_Input:_
********************

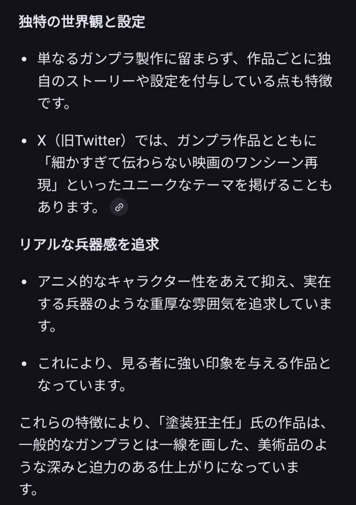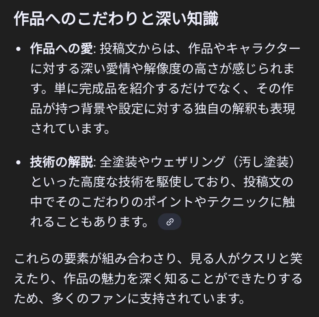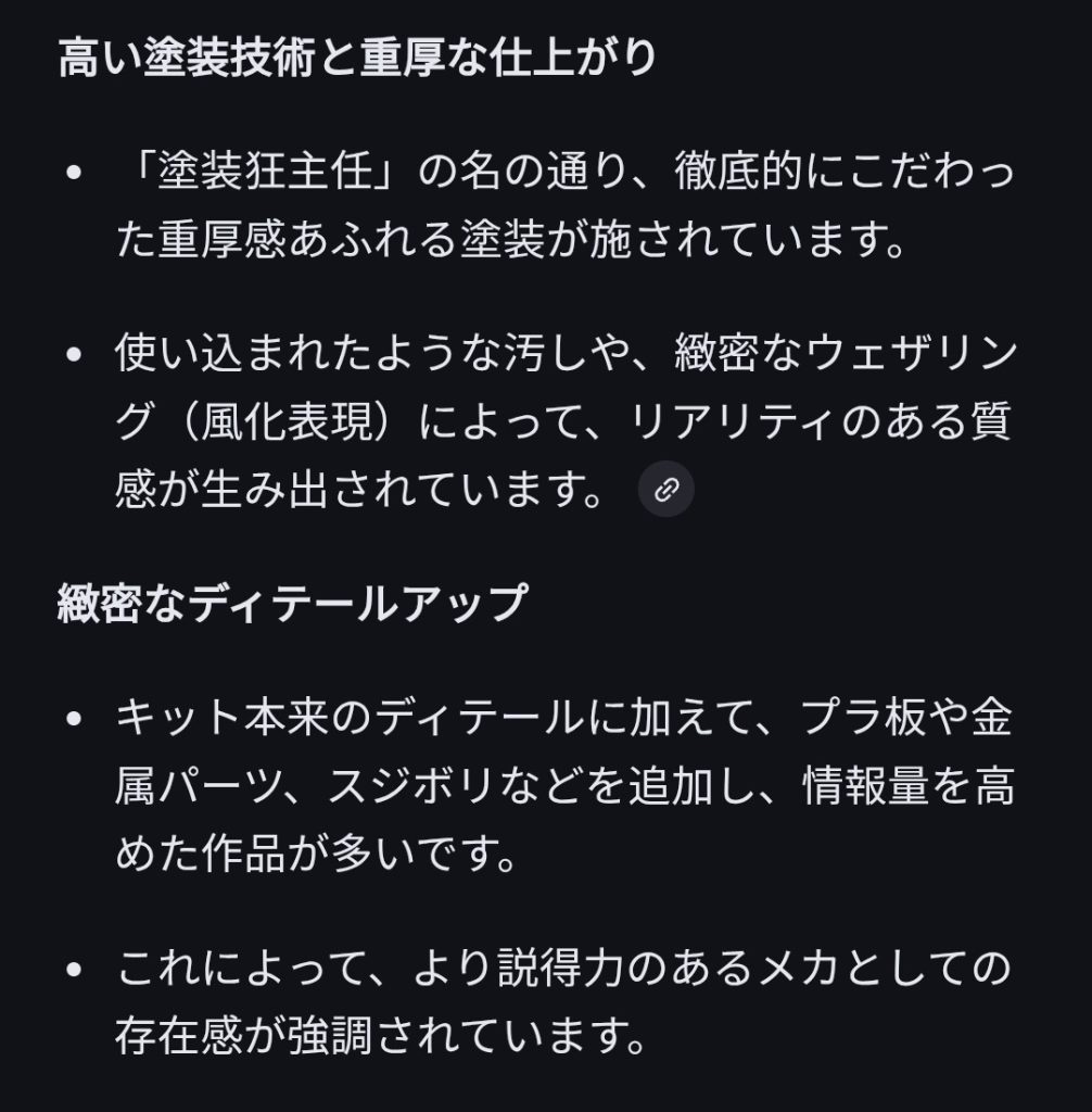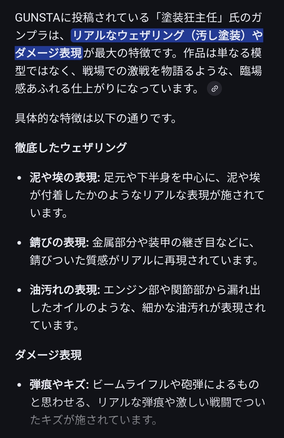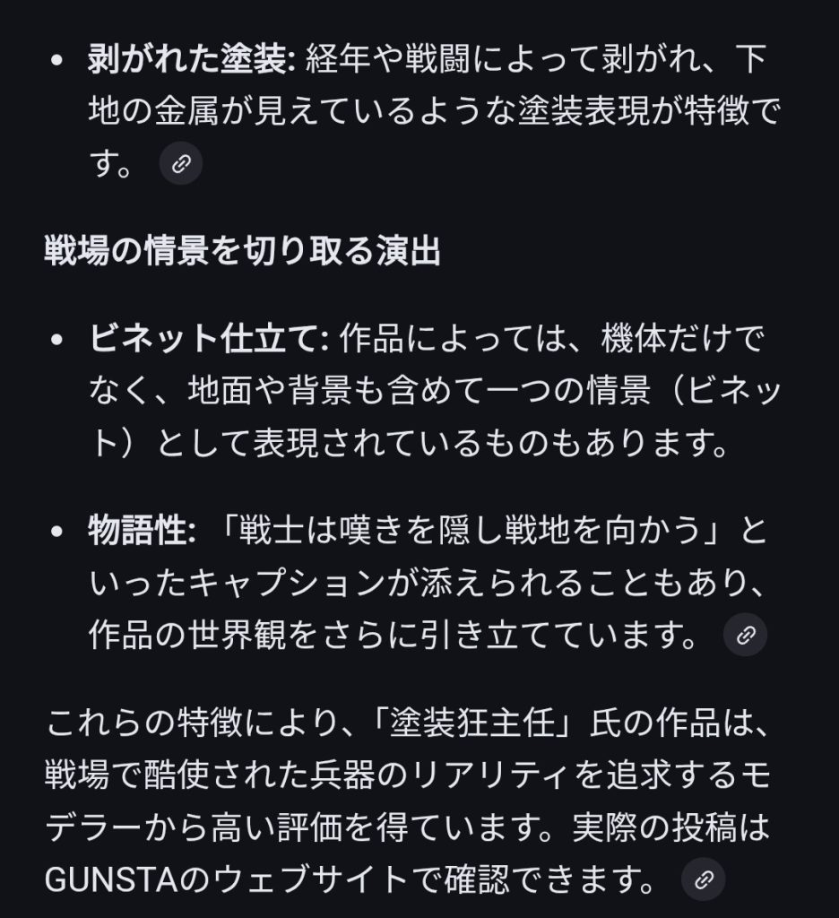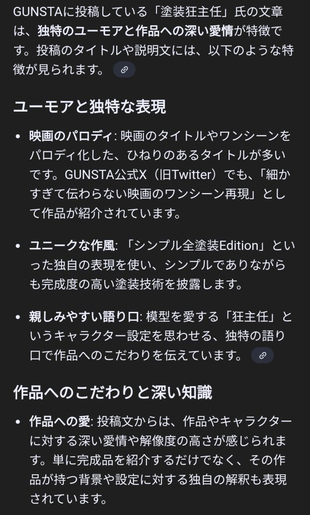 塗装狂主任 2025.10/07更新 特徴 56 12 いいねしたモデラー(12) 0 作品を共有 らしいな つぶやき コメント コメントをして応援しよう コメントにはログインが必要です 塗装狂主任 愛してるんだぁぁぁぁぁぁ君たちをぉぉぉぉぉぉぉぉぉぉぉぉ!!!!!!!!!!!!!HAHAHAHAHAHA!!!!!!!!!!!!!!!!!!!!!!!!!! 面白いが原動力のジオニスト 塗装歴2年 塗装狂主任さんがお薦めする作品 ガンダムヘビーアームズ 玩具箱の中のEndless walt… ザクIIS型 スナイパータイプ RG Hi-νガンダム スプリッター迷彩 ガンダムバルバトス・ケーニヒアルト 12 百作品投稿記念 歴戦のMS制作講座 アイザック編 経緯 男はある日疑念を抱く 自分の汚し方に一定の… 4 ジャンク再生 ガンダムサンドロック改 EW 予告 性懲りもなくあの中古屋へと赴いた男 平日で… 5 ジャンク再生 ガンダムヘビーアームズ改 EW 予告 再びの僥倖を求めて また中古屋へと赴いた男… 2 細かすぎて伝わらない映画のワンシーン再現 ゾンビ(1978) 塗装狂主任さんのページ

********************

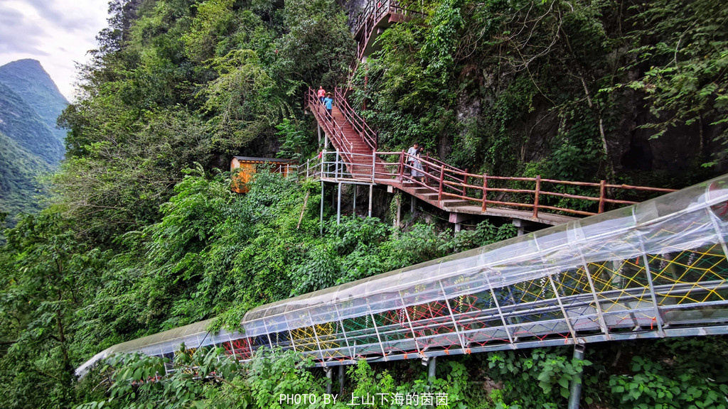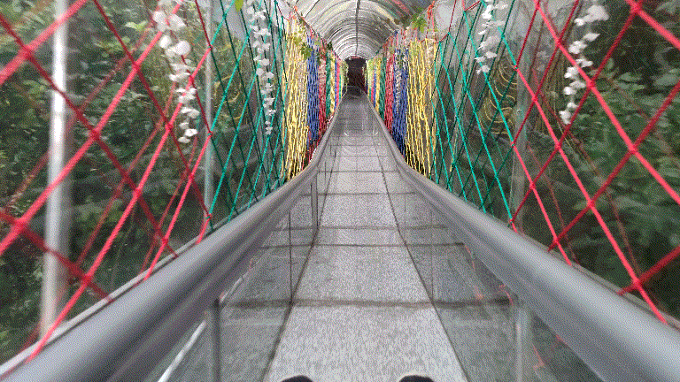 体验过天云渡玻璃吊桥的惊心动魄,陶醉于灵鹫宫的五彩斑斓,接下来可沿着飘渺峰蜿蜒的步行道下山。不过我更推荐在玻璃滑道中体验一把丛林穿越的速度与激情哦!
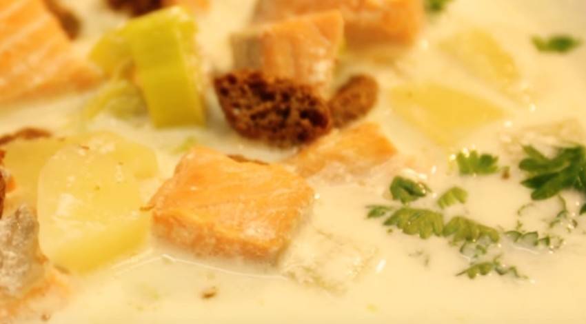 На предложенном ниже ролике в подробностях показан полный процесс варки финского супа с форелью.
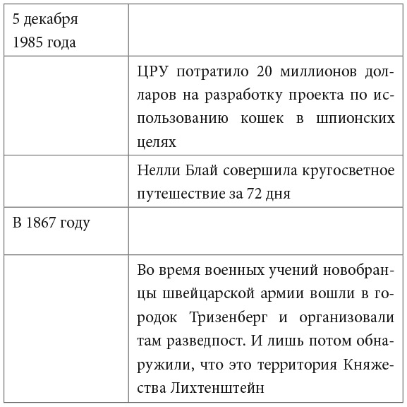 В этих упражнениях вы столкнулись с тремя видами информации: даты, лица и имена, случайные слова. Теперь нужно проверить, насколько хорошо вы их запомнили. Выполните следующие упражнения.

********************

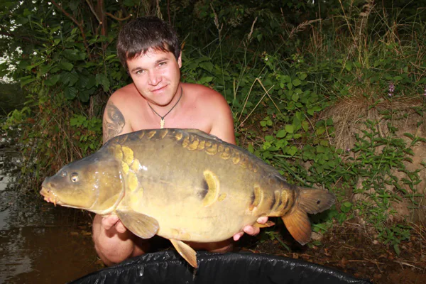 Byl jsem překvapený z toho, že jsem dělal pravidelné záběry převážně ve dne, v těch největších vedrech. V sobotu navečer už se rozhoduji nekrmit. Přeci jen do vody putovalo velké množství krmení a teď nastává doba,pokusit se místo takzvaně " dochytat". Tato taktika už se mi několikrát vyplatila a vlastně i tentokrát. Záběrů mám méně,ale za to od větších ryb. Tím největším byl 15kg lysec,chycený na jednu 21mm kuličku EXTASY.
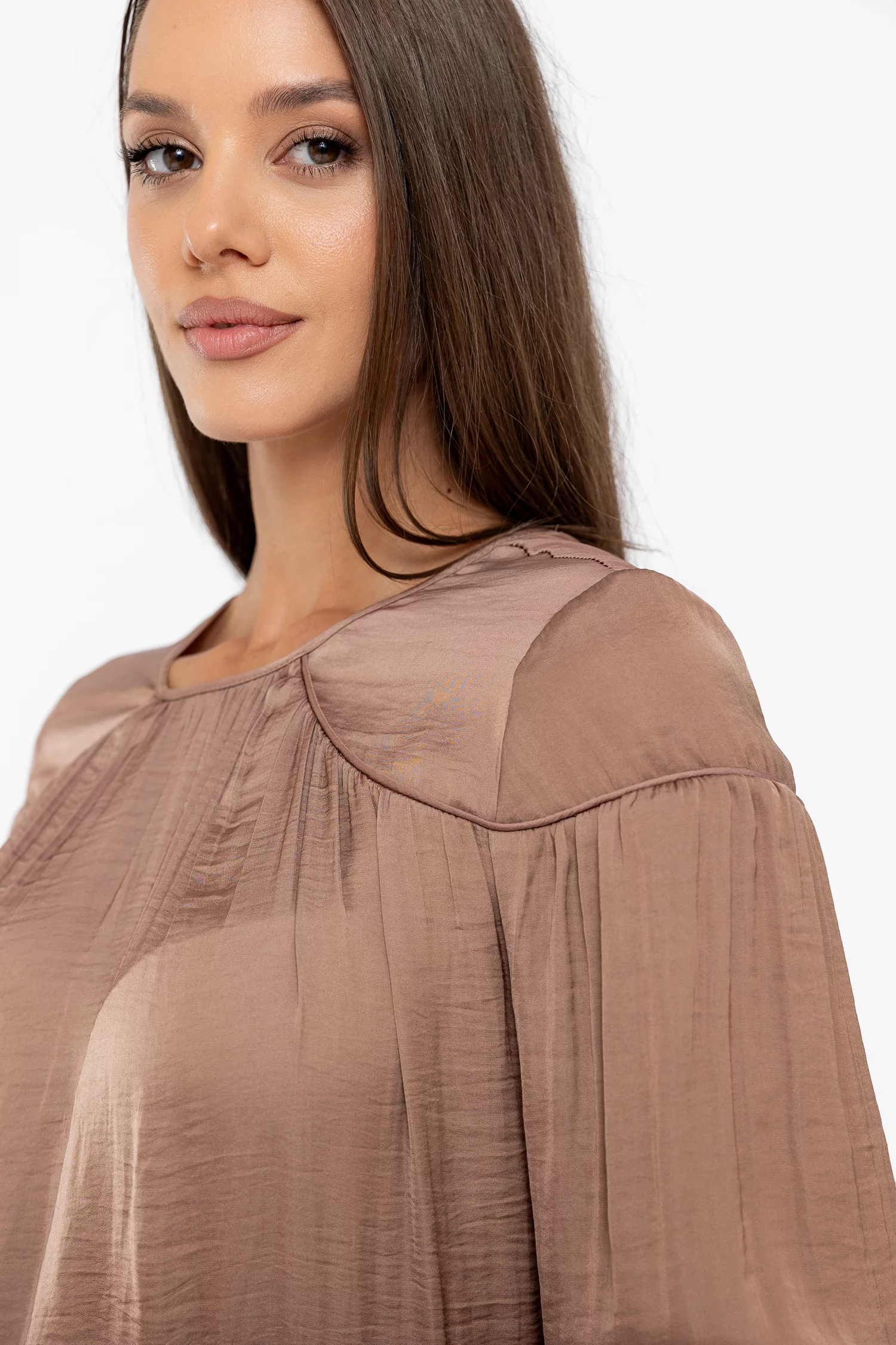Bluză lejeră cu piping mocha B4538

********************

_Exercise:_ Print from the line containing "На предложенном ниже" through the line containing "В этих упражнениях" in the data above, exactly as the lines stand, and omit every picture.

_The completed task:_
 На предложенном ниже ролике в подробностях показан полный процесс варки финского супа с форелью.
 В этих упражнениях вы столкнулись с тремя видами информации: даты, лица и имена, случайные слова. Теперь нужно проверить, насколько хорошо вы их запомнили. Выполните следующие упражнения.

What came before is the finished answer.